- WHAT TO PRODUCE -
All of the data is to be printed exactly, though the images must be left off.
^^^^^^^^^^^^^^^^
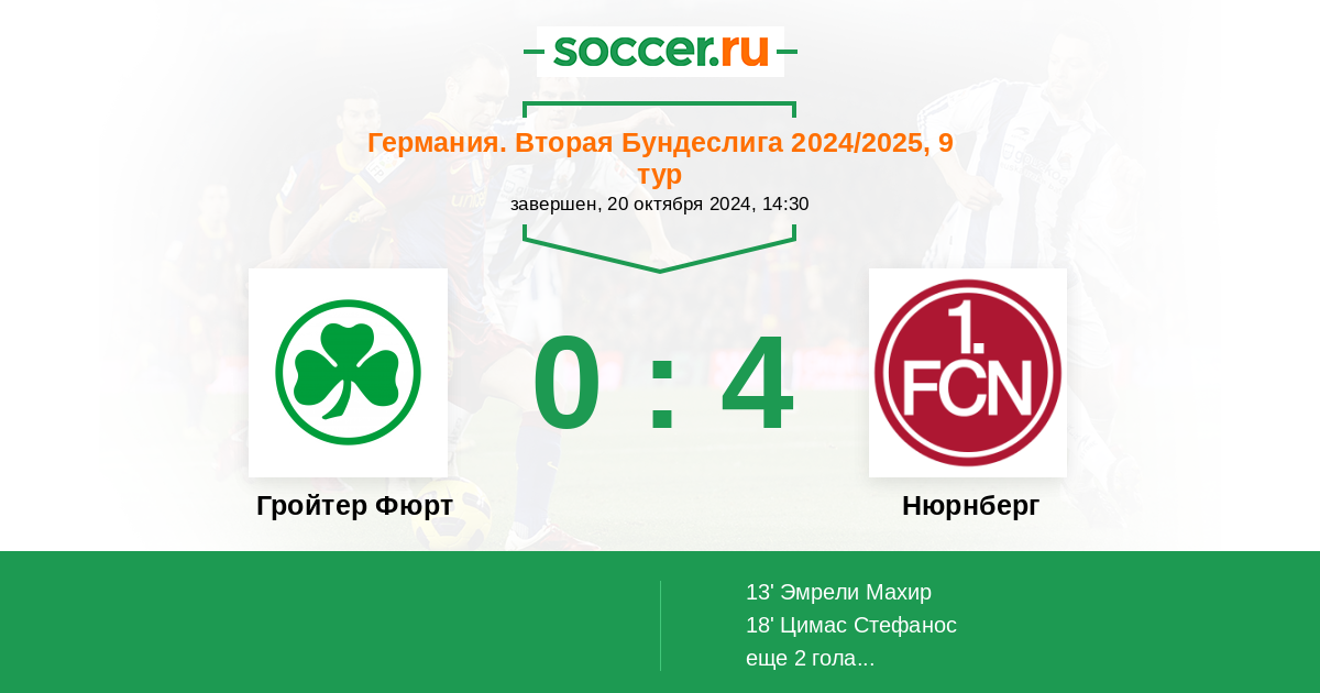 Протокол матча Гройтер Фюрт против Нюрнберг
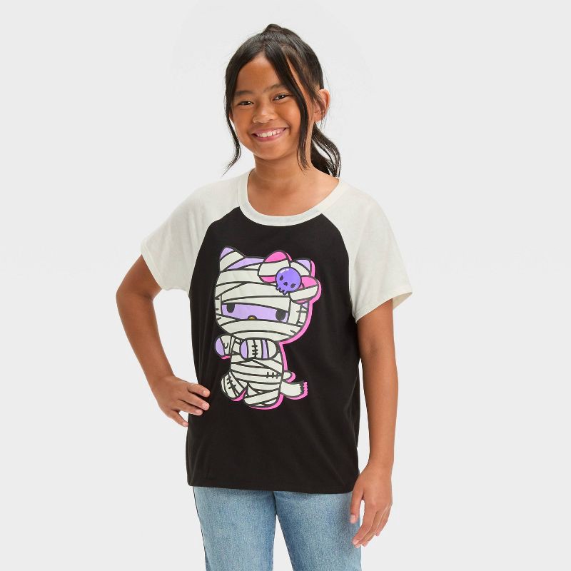 Help your kid join the Halloween party with their favorite character by wearing the Hello Kitty Halloween Short-Sleeve Graphic T-Shirt. This raglan-sleeve graphic T-shirt showcases Hello Kitty in a mu…
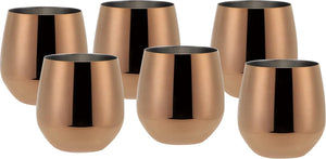 Stijlvolle en decoratieve 6-delige wijn- en waterbekerset. Onbreekbare en zeer robuuste glazen van hoogwaardig roestvrij staal. Dankzij de koperen coating blijven de dranken voor een langere tijd koel. Zeer mooi gevormde wijn- en waterkelken kunnen veelzijdig worden gebruikt. Perfect geschikt voor een picknick, tuinfeest of dagelijks gebruik. Extreem lichte wijn- en waterkelk, ideaal voor alle outdooractiviteiten zoals kamperen of festivals. Binnenkant gematteerd en aan de buitenkant gepolijst. Geschikt voor levensmiddelen, BPA-vrij en corrosiebestendig. Milieuvriendelijk herbruikbaar alternatief voor plastic bekers. Inhoud: ca. 500 ml. Afmetingen (b x h): ca. 9,5 x 10 cm. Gewicht: ca. 150 g. Handwas aanbevolen.
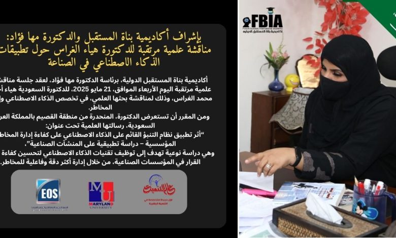 بإشراف أكاديمية بناة المستقبل والدكتورة مها فؤاد: مناقشة علمية مرتقبة للدكتورة هياء الغراس حول تطبيقات الذكاء الاصطناعي في الصناعة
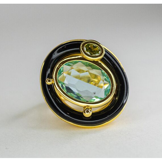 Кольцо женское из гипоаллергенного ювелирного сплава желтого цвета. Покрытие эмалью черного цвета. Вставка- кварц голубого и зеленого цвета. Высота кольца-2,5см, ширина-3,0см. Размер-18,0.
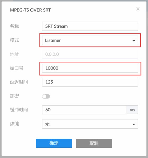 3、在弹出的页面中填写端口号(如图中8000),选择连接数(SRT Listener最多同时支持 8 个客户端),点击“保存”。
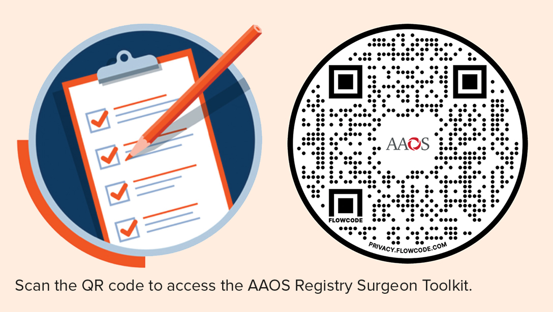 More detailed information about this process can be found online at aaos.org/registries/surgeon-toolkit. If you are interested in becoming a Registry Surgeon Champion, scan the accompanying QR code below to access the AAOS Registry Surgeon Toolkit.
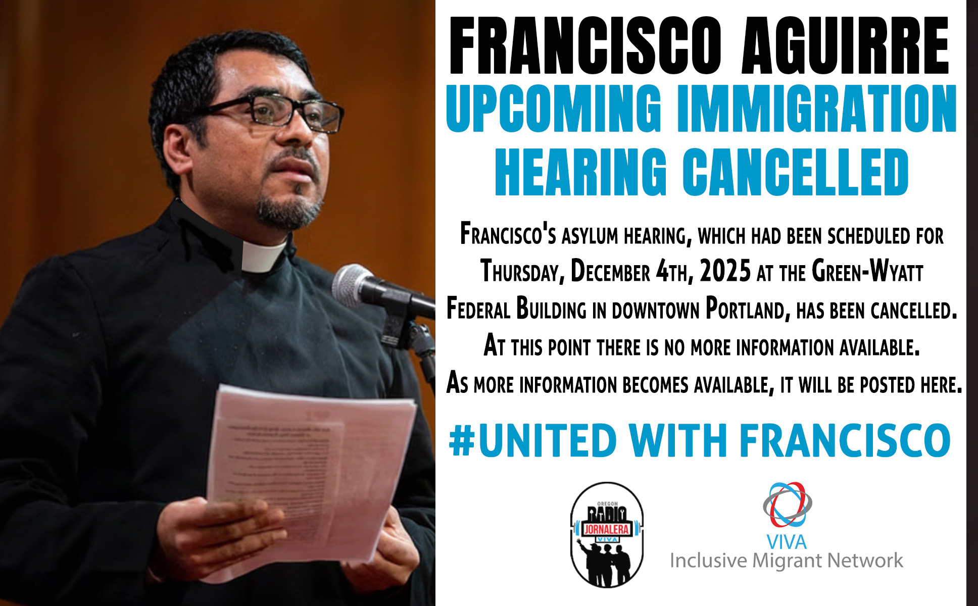 Francisco's asylum hearing, which had been scheduled for Thursday, December 4th, 2025 at the Green-Wyatt Federal Building in downtown Portland, has been cancelled. At this point there is no more information available. As more information becomes available, it will be posted here.
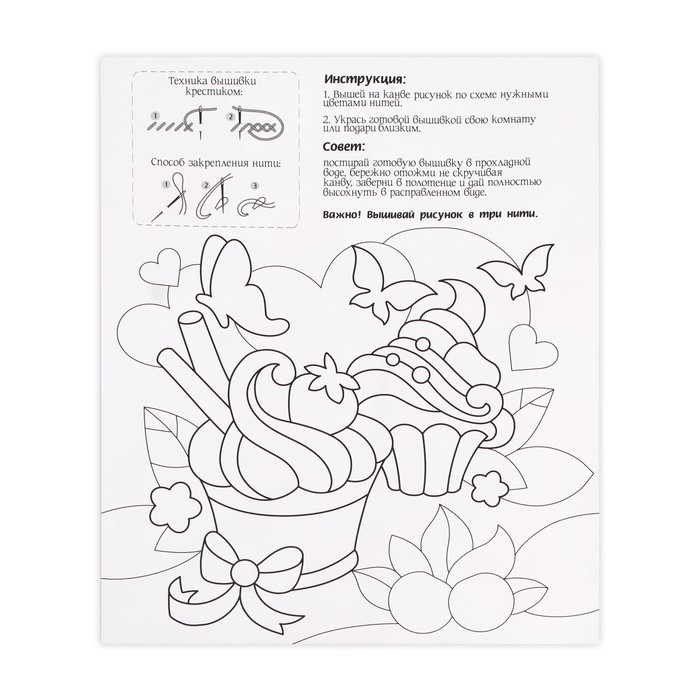 - Все необходимые оттенки ниток есть в комплекте. Рекомендуем вышивать в 2 нити.
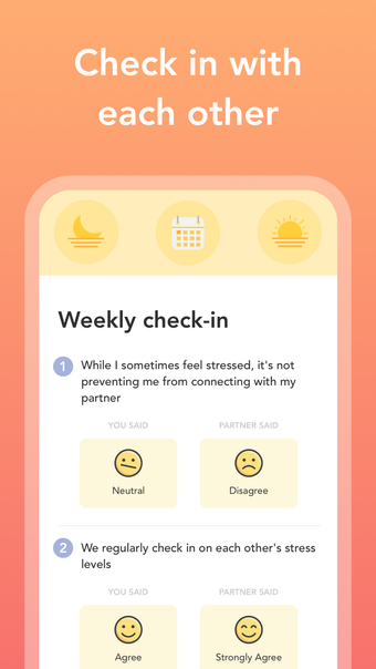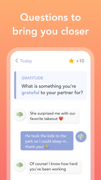 Setiap hari, kami akan menanyakan pertanyaan tentang hubungan dan pasangan Anda. Setelah menjawab, Anda akan mendapatkan percakapan dengan pasangan Anda.
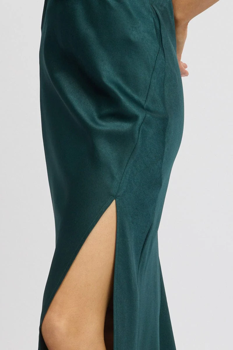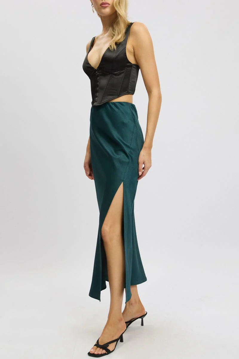 Green Slip Skirt High Waist Front Split Midaxi Satin
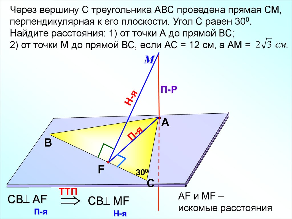2) от точки М до прямой ВС, если АС = 12 см, а АМ = 2 3 см.
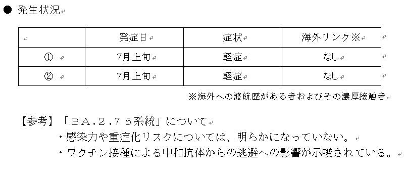 この度、ゲノム解析の結果、新たに、オミクロン株の亜系統である「BA.2.75系統」を2例確認したため、下記のとおり、お知らせいたします。
^^^^^^^^^^^^^^^^
- EXERCISE ANSWER -
 Протокол матча Гройтер Фюрт против Нюрнберг
 Help your kid join the Halloween party with their favorite character by wearing the Hello Kitty Halloween Short-Sleeve Graphic T-Shirt. This raglan-sleeve graphic T-shirt showcases Hello Kitty in a mu…
 Stijlvolle en decoratieve 6-delige wijn- en waterbekerset. Onbreekbare en zeer robuuste glazen van hoogwaardig roestvrij staal. Dankzij de koperen coating blijven de dranken voor een langere tijd koel. Zeer mooi gevormde wijn- en waterkelken kunnen veelzijdig worden gebruikt. Perfect geschikt voor een picknick, tuinfeest of dagelijks gebruik. Extreem lichte wijn- en waterkelk, ideaal voor alle outdooractiviteiten zoals kamperen of festivals. Binnenkant gematteerd en aan de buitenkant gepolijst. Geschikt voor levensmiddelen, BPA-vrij en corrosiebestendig. Milieuvriendelijk herbruikbaar alternatief voor plastic bekers. Inhoud: ca. 500 ml. Afmetingen (b x h): ca. 9,5 x 10 cm. Gewicht: ca. 150 g. Handwas aanbevolen.
 بإشراف أكاديمية بناة المستقبل والدكتورة مها فؤاد: مناقشة علمية مرتقبة للدكتورة هياء الغراس حول تطبيقات الذكاء الاصطناعي في الصناعة
 Кольцо женское из гипоаллергенного ювелирного сплава желтого цвета. Покрытие эмалью черного цвета. Вставка- кварц голубого и зеленого цвета. Высота кольца-2,5см, ширина-3,0см. Размер-18,0.
 3、在弹出的页面中填写端口号(如图中8000),选择连接数(SRT Listener最多同时支持 8 个客户端),点击“保存”。
 More detailed information about this process can be found online at aaos.org/registries/surgeon-toolkit. If you are interested in becoming a Registry Surgeon Champion, scan the accompanying QR code below to access the AAOS Registry Surgeon Toolkit.
 Francisco's asylum hearing, which had been scheduled for Thursday, December 4th, 2025 at the Green-Wyatt Federal Building in downtown Portland, has been cancelled. At this point there is no more information available. As more information becomes available, it will be posted here.
 - Все необходимые оттенки ниток есть в комплекте. Рекомендуем вышивать в 2 нити.
 Setiap hari, kami akan menanyakan pertanyaan tentang hubungan dan pasangan Anda. Setelah menjawab, Anda akan mendapatkan percakapan dengan pasangan Anda.
 Green Slip Skirt High Waist Front Split Midaxi Satin
2) от точки М до прямой ВС, если АС = 12 см, а АМ = 2 3 см.
 この度、ゲノム解析の結果、新たに、オミクロン株の亜系統である「BA.2.75系統」を2例確認したため、下記のとおり、お知らせいたします。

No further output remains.